La Convenzione di Istanbul non si tocca

Il Centro Studi Difesa Civile firma la lettera redatta su iniziativa di WAVE (Women Against Violence Europe), la rete europea dei centri antiviolenza, che ben 1166 organizzazioni in 42 paesi hanno inviato al Segretario Generale del Consiglio d’Europa. In Italia l’iniziativa ha raccolto ben 235 sottoscrizioni da parte di altrettante associazioni.

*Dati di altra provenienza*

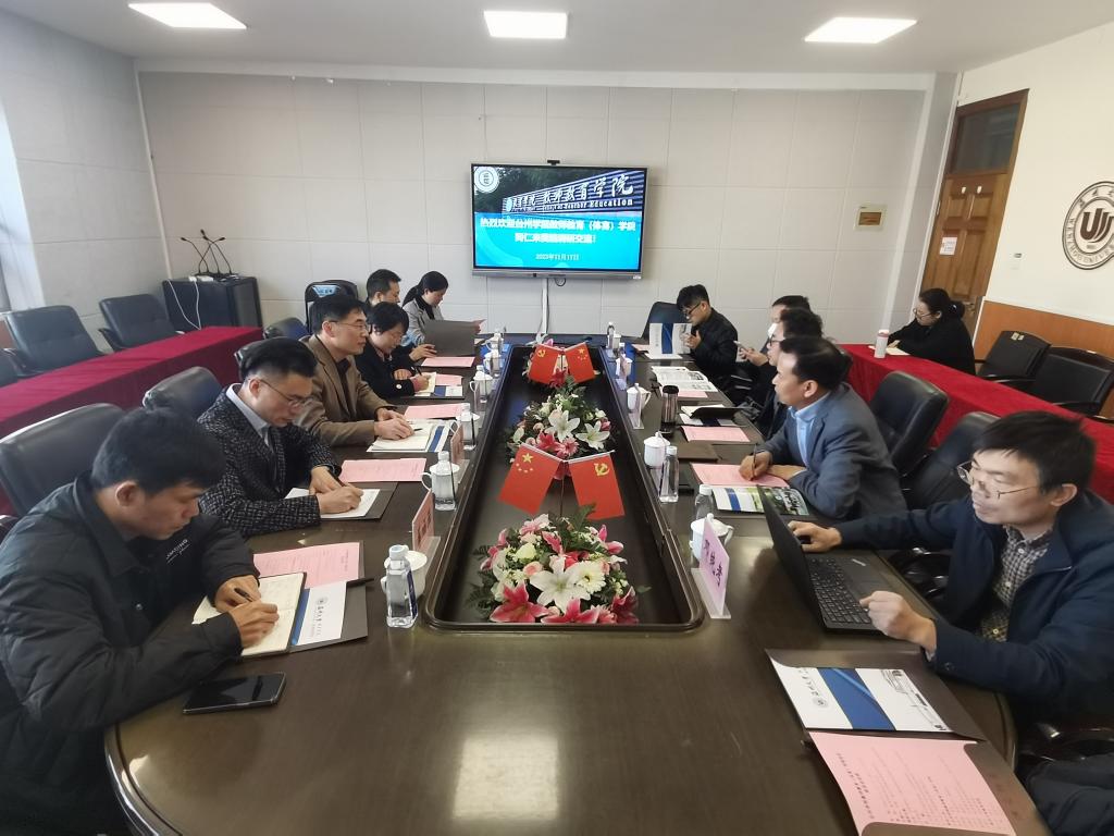 2023年11月17日上午,台州学院教师教育(体育)学院张夫伟院长、吴银银书记一行六人来我院调研交流。学院院长李长吉、党委书记何毅、副院长叶新东及相关老师参加座谈交流会。
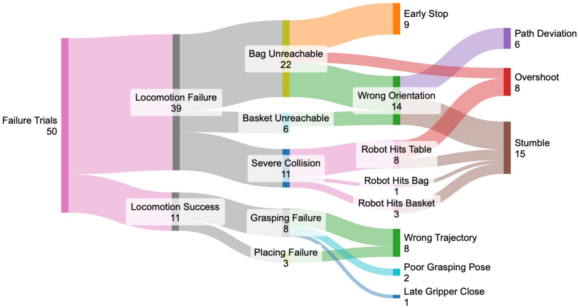执行层-控制难题:相比纯粹的locomotion,loco-manipulation对运动精准性和稳定性的要求高的多,任何偏离都可能导致目标操作物体脱离相机视野和工作空间。即使 VLA 输出了正确的运动指令,下半身控制器仍然有概率执行失败,例如出现走歪、踉跄等现象。
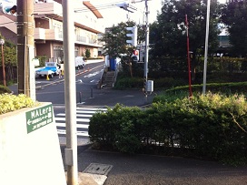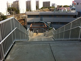 ③ 横断歩道を渡り、正面の階段を上ります。
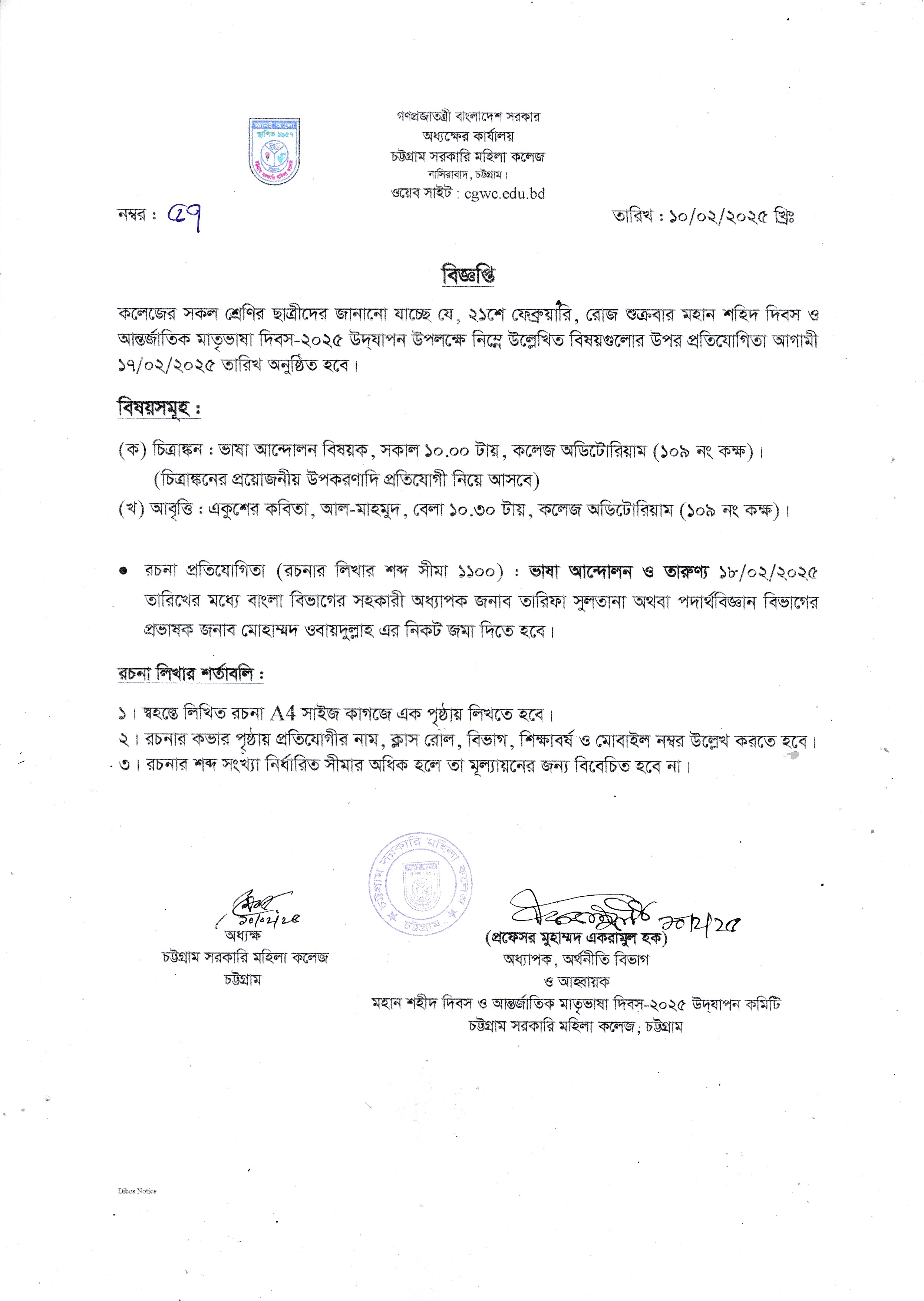 আন্তর্জাতিক মাতৃভাষা দিবস-২০২৫ উপলক্ষে বিভিন্ন প্রতিযোগিতা সংক্রান্ত বিজ্ঞপ্তি

Questa lettera vuole rispondere all’attacco portato alla Convenzione di Istanbul in una lettera sottoscritta da 333 organizzazioni di 9 paesi, che chiedeva l’avvio del processo di revisione della Convenzione di Istanbul sulla prevenzione e la lotta alla violenza contro le donne e la violenza domestica, specificamente in relazione a due punti:
– sostituire i riferimenti all’uguaglianza di genere con uguaglianza tra uomini e donne;
– consentire ai paesi di apporre delle riserve in sede di ratifica della Convenzione agli articoli che avessero giudicato controversi e ideologici.

La posizione, condivisa dal CSDC e illustrata nella lettera, è che si tratti di richieste che, se accolte, avrebbero un grave impatto sulla prevenzione delle diverse forme di violenza e dunque che non sia opportuno  consentire che si pongano riserve alle disposizioni chiave della Convenzione.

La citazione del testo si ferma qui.